Quinquela Martín

viernes, 5 de febrero de 2021

“Sí me tocaras el corazón” de Isabel Allende

 

Amadeo Peralta se crió en la pandilla de su padre y llegó a ser un matón, como todos

los hombres de su familia. Su padre opinaba que los estudios son para maricones, no

se requieren libros para triunfar en la vida, sino cojones y astucia, decía, por eso formó

a sus hijos en la rudeza. Con el tiempo, sin embargo, comprendió que el mundo estaba

cambiando muy rápido y que sus negocios necesitaban consolidarse sobre bases más

estables. La época del pillaje desenfadado había sido reemplazada por la corrupción y

el despojo solapado, era hora de administrar la riqueza con criterio moderno y mejorar

su imagen. Reunió a sus hijos y les impuso la tarea de hacer amistad con personas

influyentes y aprender asuntos legales, para que siguieran prosperando sin peligro de

que les fallara la impunidad. También les encomendó buscar novias entre los apellidos

más antiguos de la región, a ver si lograban lavar el nombre de los Peralta de tanta

salpicadura de barro y de sangre. Para entonces Amadeo había cumplido treinta y dos

años y tenía muy arraigado el hábito de seducir muchachas para luego abandonarlas,

de modo que la idea del matrimonio no le gustó nada, pero no se atrevió a

desobedecer a su padre. Comenzó a cortejar a la hija de un hacendado cuya familia

había vivido en el mismo lugar por seis generaciones. A pesar de la turbia fama del

pretendiente, ella lo aceptó, porque era muy poco agraciada y temía quedarse soltera.

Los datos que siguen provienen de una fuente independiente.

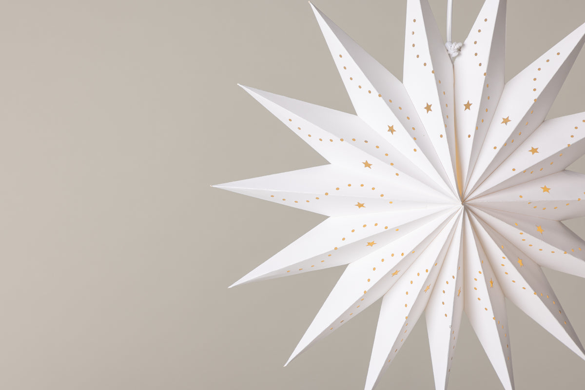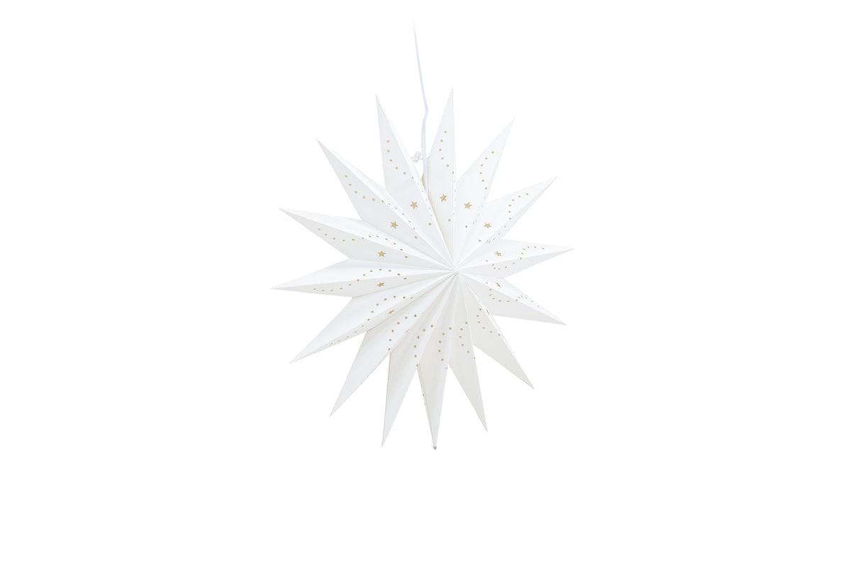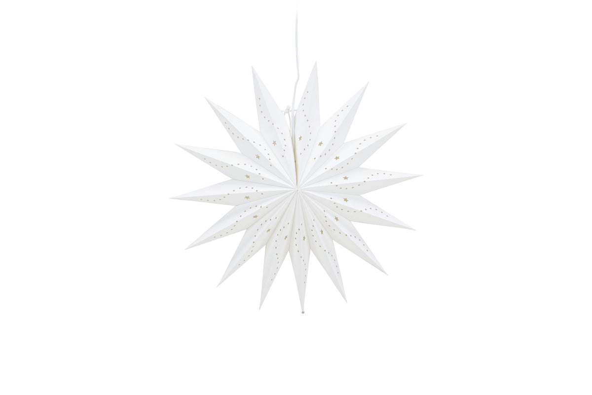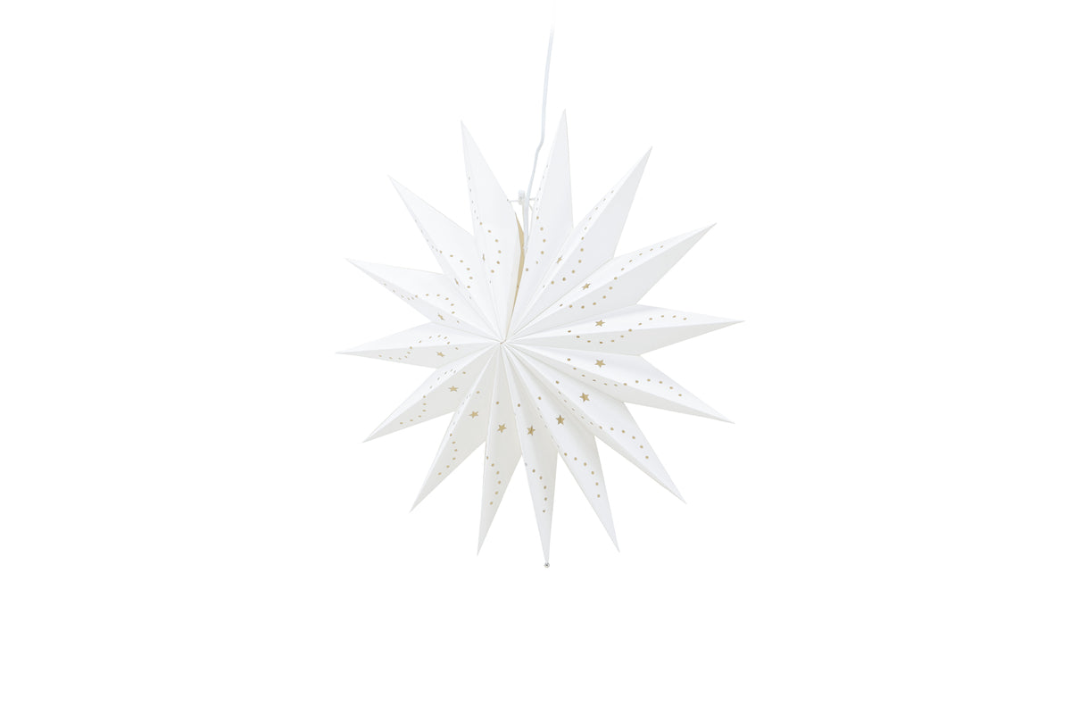 Vår vackra taklampa Lindvallen är den ultimata belysningslösningen för att skapa en mysig och stämningsfull atmosfär. Denna klassiska pappersstjärna i vitt papper med sina vackra hål i form av stjärnor och prickar släpper igenom ljuset på ett väldigt vackert sätt. Varje gång du tänder lampan Lindvallen kommer du att omedelbart känna hur den sprider ett varmt och mysigt sken i rummet. Den diskreta vita sladden smälter elegant in i helheten och bidrar till att skapa en stilren och sofistikerad belysningsanordning. Lindvallen passar perfekt för att lysa upp dina höstmörka dagar och för att skapa den perfekta atmosfären när julens högtidliga stämning kryper fram. Häng den i sovrummet för att skapa en lugn och avkopplande atmosfär, placera den i köksfönstret för att skapa en mysig stämning eller använd den inne i vardagsrummet för att ge rummet det där extra magiska touchen. Lindvallen finns i flera olika storlekar, vilket gör det möjligt för dig att välja den som passar bäst för ditt rum och stil. Varje storlek har sin egen charm och unika karaktär, men oavsett vilken du väljer kan du vara säker på att du får en belysningslösning som kommer att vara perfekt för just dig! Mått: 46cm.

Ambos iniciaron entonces uno de esos aburridos noviazgos de provincia. Incómodo en

su traje de lino blanco y sus botines lustrados, Amadeo la visitaba todos los días bajo

la mirada atenta de la futura suegra o de alguna tía, y mientras la señorita servía café

y pasteles de guayaba, él atisbaba el reloj calculando el momento oportuno de

despedirse.

Pocas semanas antes de la boda, Amadeo Peralta tuvo que hacer un viaje de negocios

por la provincia. Así llegó a Agua Santa, uno de esos lugares donde nadie se queda y

cuyo nombre los viajeros rara vez recuerdan. Pasaba por una calle angosta, a la hora

de la siesta, maldiciendo el calor y ese olor dulzón de mermelada de mangos que

agobiaban el aire, cuando escuchó un sonido cristalino como de agua deslizándose

entre piedras, que provenía de una casa modesta, con la pintura descascarada por el

sol y la lluvia, como casi todas por allí. A través de la reja divisó un zaguán de

baldosas oscuras y paredes encaladas, al fondo un patio y más allá la visión

sorprendente de una muchacha sentada en el suelo con las piernas cruzadas,

sosteniendo sobre las rodillas un salterio de madera rubia. Se quedó un rato

observándola.

-Ven, niña -la llamó, por último. Ella levantó la cara y a pesar de la distancia él

distinguió los ojos asombrados y la sonrisa incierta en un rostro todavía infantil-. Ven

conmigo -mandó, imploró Amadeo con la voz seca.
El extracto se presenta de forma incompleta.